I messaged my husband this morning something that may or may not have said:
Lets just move far, far away—right now.
There may have also been a fitting emoji or two. I don’t know. Maybe.
But my smart husband, he is good at what he does (being a husband to me). He didn’t turn me down right away, remind me of our love bug who we get to spend every other week with, or blow off my emotions. He asked me why.
Cue the water works, folks.
I am in this season where God is doing the most incredible things & I thirst for Him like never before. I am in this season where I have never felt more lonely, left out, & uninvited. I am in a season where both are co-existing, battling grounds for my wannabe purity centered mind. I am sincerely battling it out, my nonexistent friends.
So I have had no energy lately, which has not been helped by my prayers to the Lord for my wandering heart to not find any new shows on Hulu or Netflix that I feel the need to add to my list. But I finally picked up the final book to my summer reading stack (there were only three books, people… reading becomes harder when your baby wants to eat plastic things and color on walls with your prayer journal pens). And by now, about three days later and 30 pages in, Lisa Bevere is completely rocking my pitiful heart.
In her book Without Rival, she talks about (at least for the first 30 pages) how God’s love is not equal for each of us, it is unique. She says, “Our Father’s love cannot be likened to a pan of brownies or a cherry pie that is painstakingly cut by a loving parent into equal portions so that no child feels slighted.
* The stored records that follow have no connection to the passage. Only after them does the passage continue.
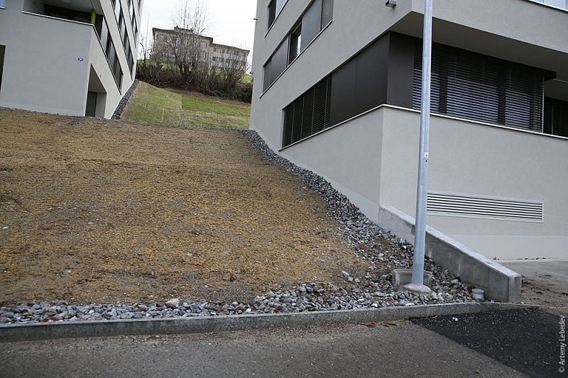 Швейцария. Большой объем наклонного говна. Что делают умные люди? Отсыпают края щебнем.
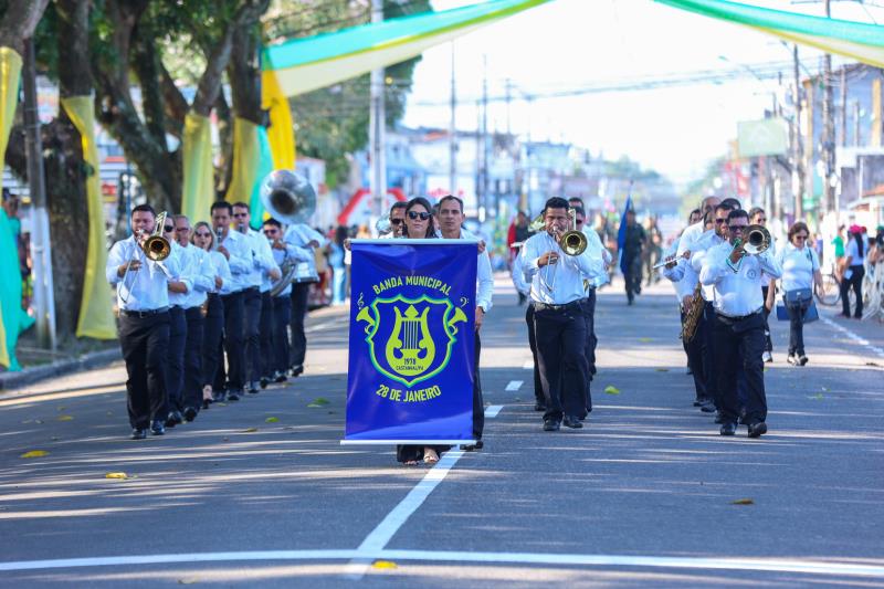 O desfile cívico e escolar foi puxado pelas bandas marciais das escolas: Maria da Encarnação, Pedro Coelho da Mota, Latif Jatene, Maria Inês Costa, Ana Paula dos Santos, Francisco Espinheiro Gomes, Geogina Nascimento, Leão de Judá, Igreja Assembléia de Deus e os Desbravadores da Igreja Adventista.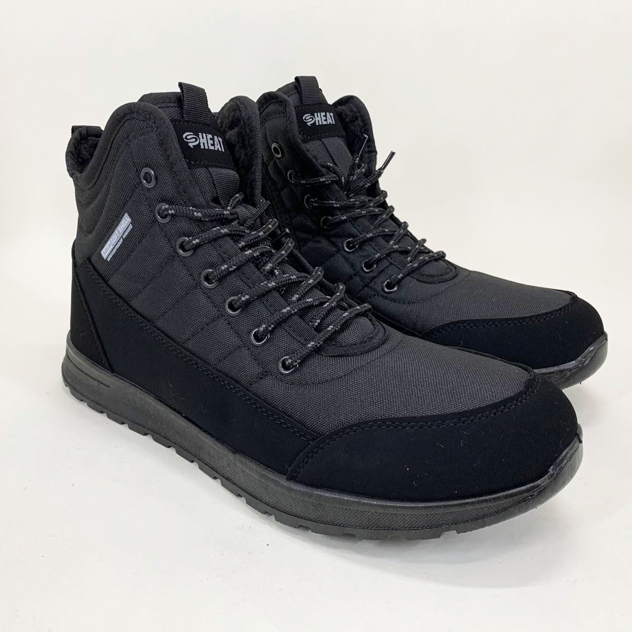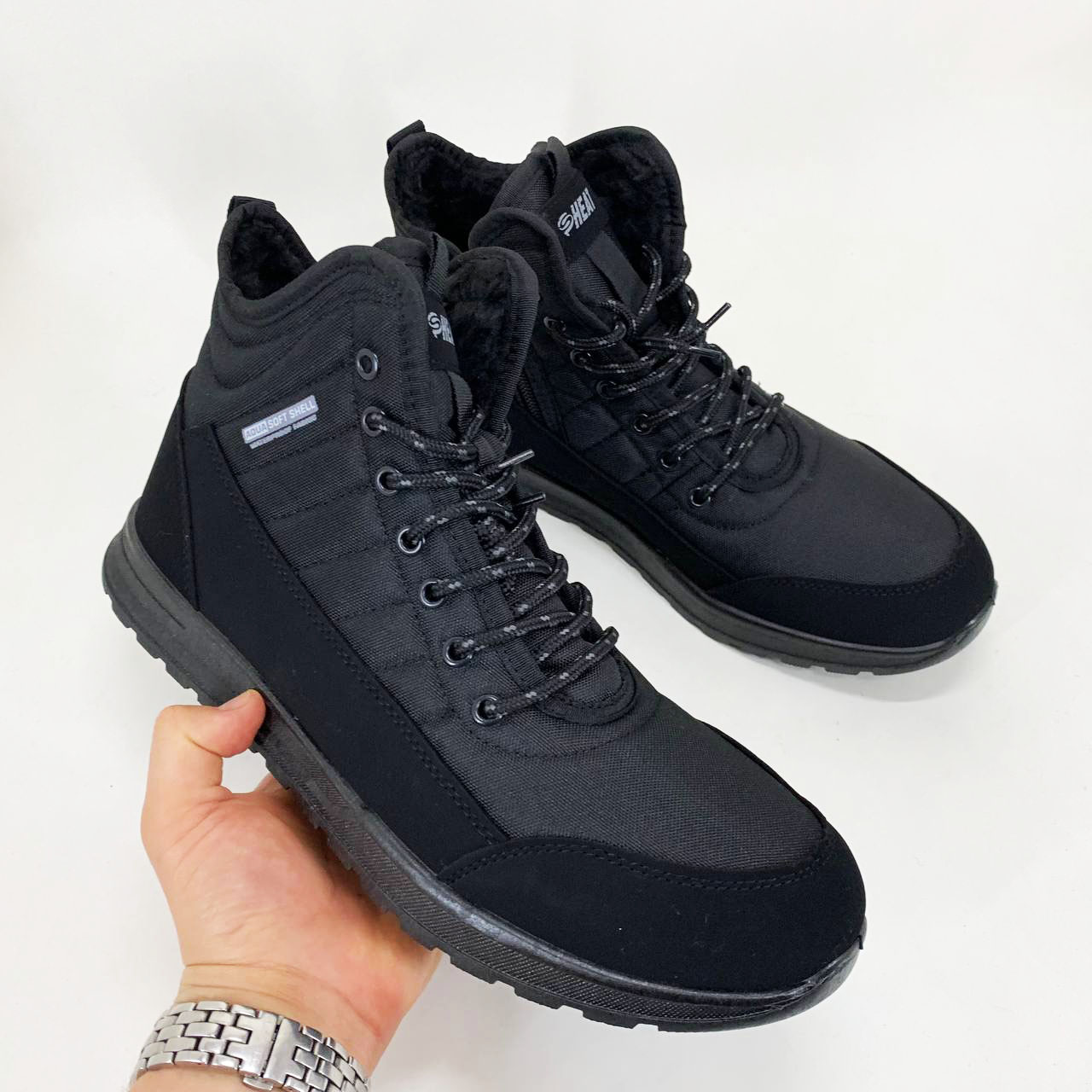 Мужские утепленные ботинки — это функциональная зимняя обувь, которая сочетает современный вид с высокой износостойкостью и комфортом. Верх модели изготовлен из прочного текстиля с водоотталкивающими свойствами, усиленного вставками из искусственной замши. Высокий силуэт и классическая шнуровка придают обуви надежную фиксацию, что особенно важно в прохладное время года.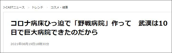 日本新聞網站“J-CAST”8月19日刊文稱,在中國武漢多地都建有“規模龐大的臨時醫療設施”即方艙醫院,供新冠患者接受住院治療。而日本政府動作如此遲緩,在發生疫情1年半後仍然沒有建設(方艙醫院)的計劃,導致民眾呼聲越來越高。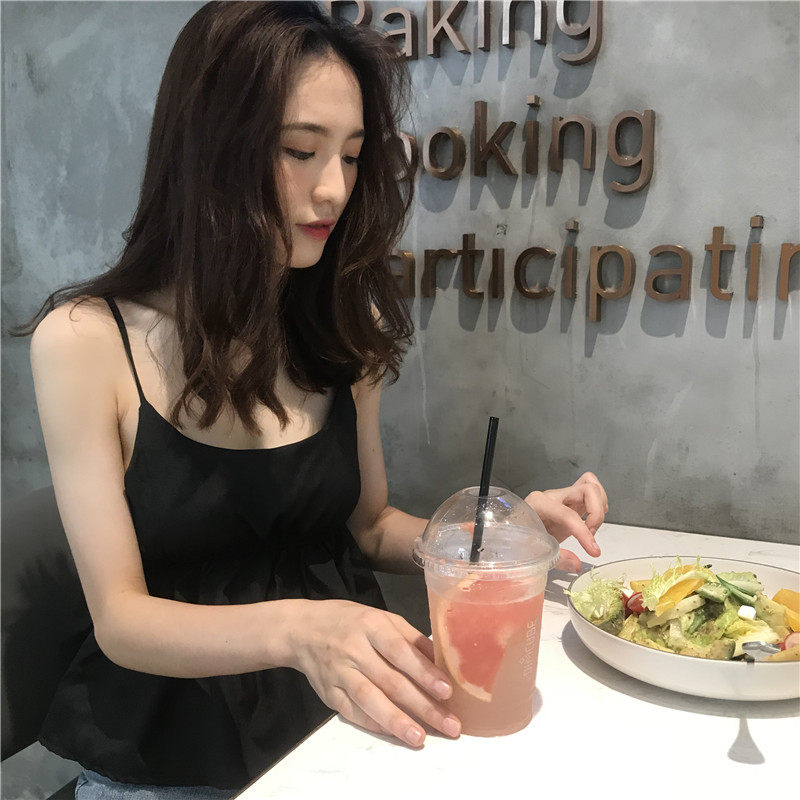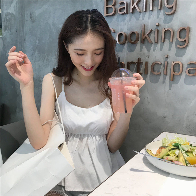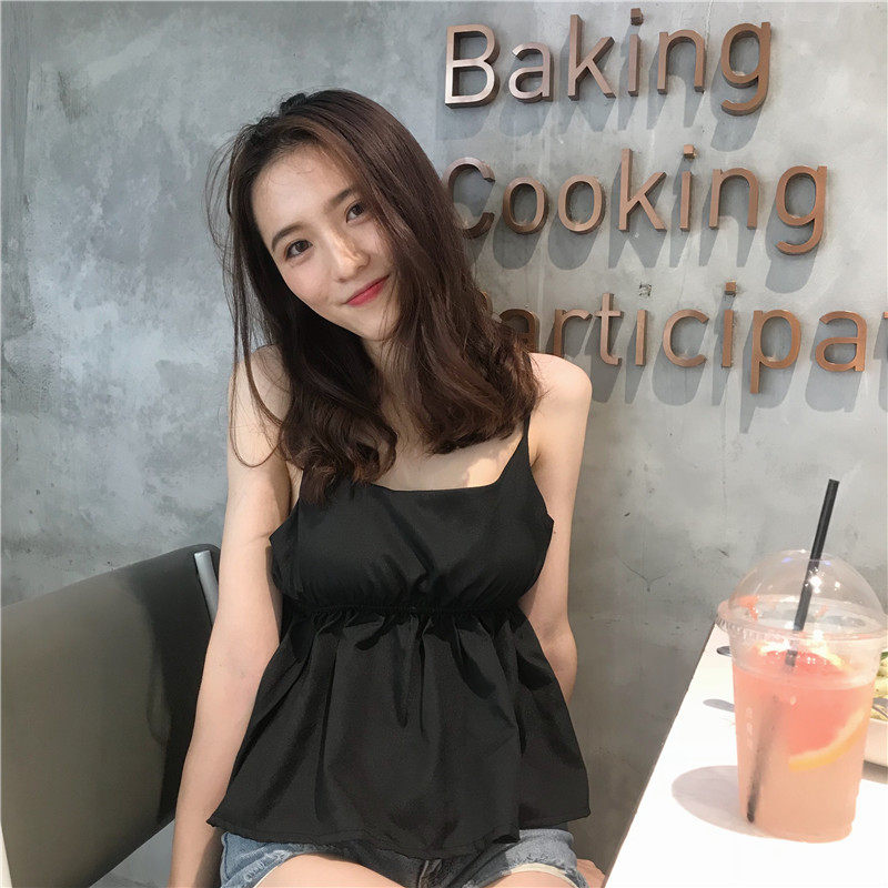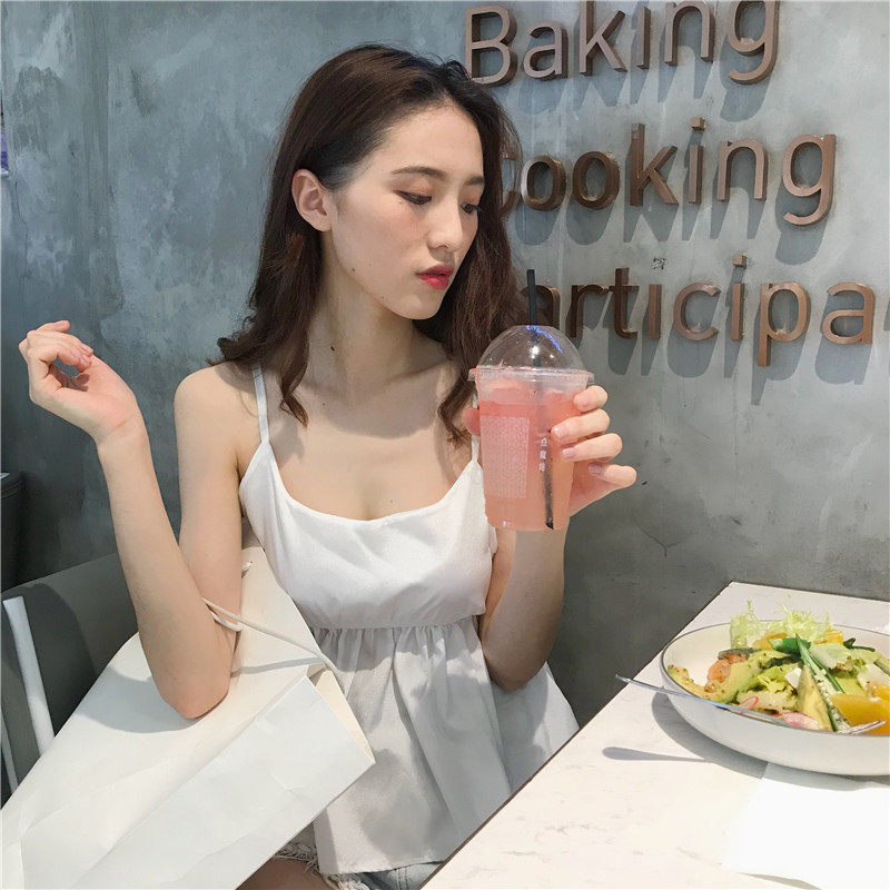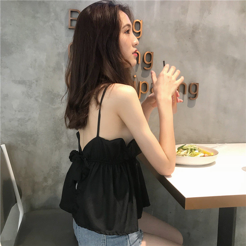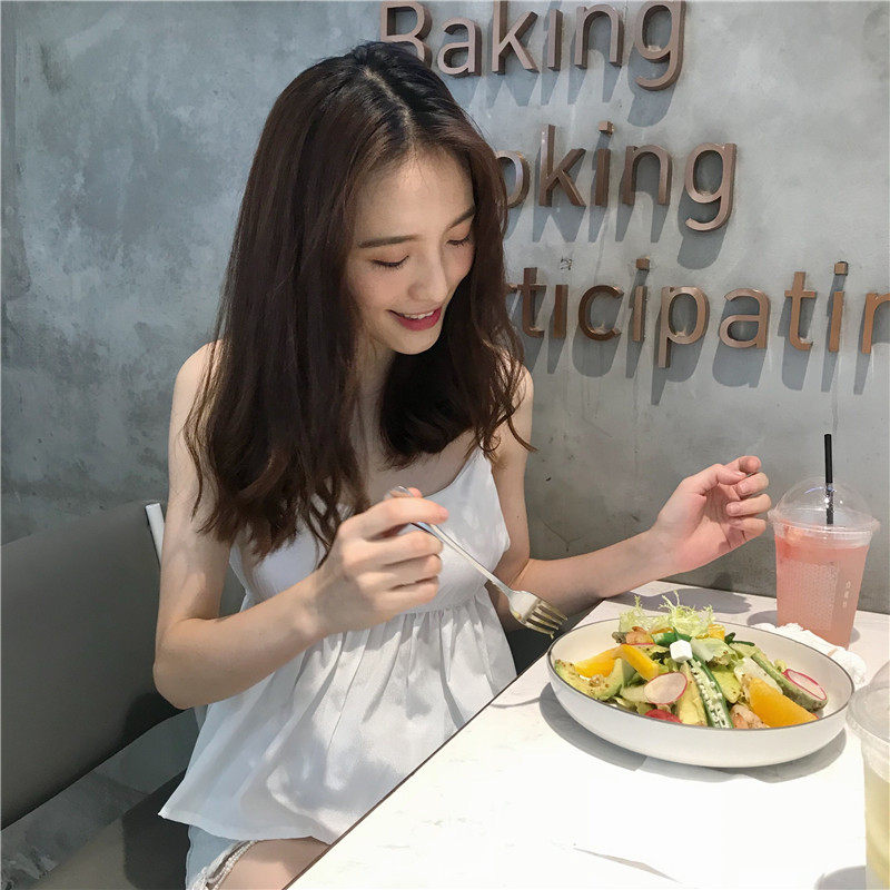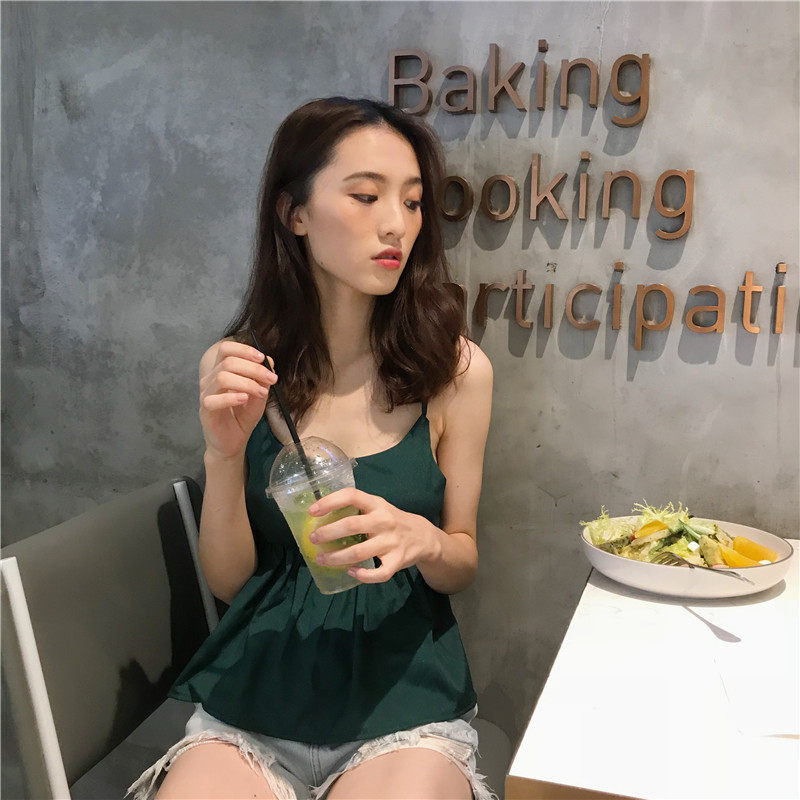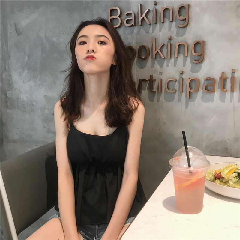 实拍实价 韩版修身显瘦V领纯色吊带背心百搭学生上衣

His marvelous love is not subject to portion control.” (p19)
Cue more tears.
His love doesn’t reach a limit. His love doesn’t level off or yield until the others catch up to your portion. It is endless. Unconditional. Unyielding. Overflowing. This everlasting love isn’t cut off because God says ‘okay you have had enough, pace yourself’. His love flows freely.
You know one of my favorite things God does? I love when we read or watch or hear something that takes us back to a specific moment in our life. The kind of scenario where we never realized how that thirty second interval had left its mark quite the way it had, but God releases the flashback and whispers, let’s heal that, too.
Reading this part of Lisa’s book brought me back to fifth grade. A year I had never thought had damaged me quite the way it had. A year when girls started getting less friendly and more territorial. I was taken back to a specific instance when I had sat at a table with girls who didn’t want me, watching them exchange glances with their friend at the other table, whose chair I was obviously sitting in by that point. Something so silly and small, yet I felt so shameful and unwanted.
And God whispered to this wound through Lisa’s words, “You don’t have to fight for your place at the table or win His love. No one can replace you… you have no rival.” (p21)
There is a seat for me.
I think of all the times I tried to grow other’s affection toward me. I tried to be the love grower, changing little parts of myself, hiding away the parts others had hinted at being unattractive. Creating groups to feel included and accepted, staying in relationships that should have never began to feel safe. All the while having my heavenly Father speaking so many loving words my way and His words falling onto deaf ears as I thought, ‘sure God loves me, but what about you?’
So maybe I won’t be moving away tomorrow because of my husband making me look at my own reasoning. Feeling lonely isn’t a reason to leave. Its probably the worst reason to leave. Maybe I am going to stay right where I’m at and take more time to sit and listen to what God thinks of me.
The Bible says God thinks more precious thoughts about us than there are grains of sand. In Without Rival, Lisa poses the question of what God might say if we sat with Him for even a minute, asking what He thinks of us? What three loving words would he use to describe you? Will you accept this challenge alongside me, and even dare to boldly share your words when sharing this post?
It’s your turn, love. Break the silence. Spill your guts.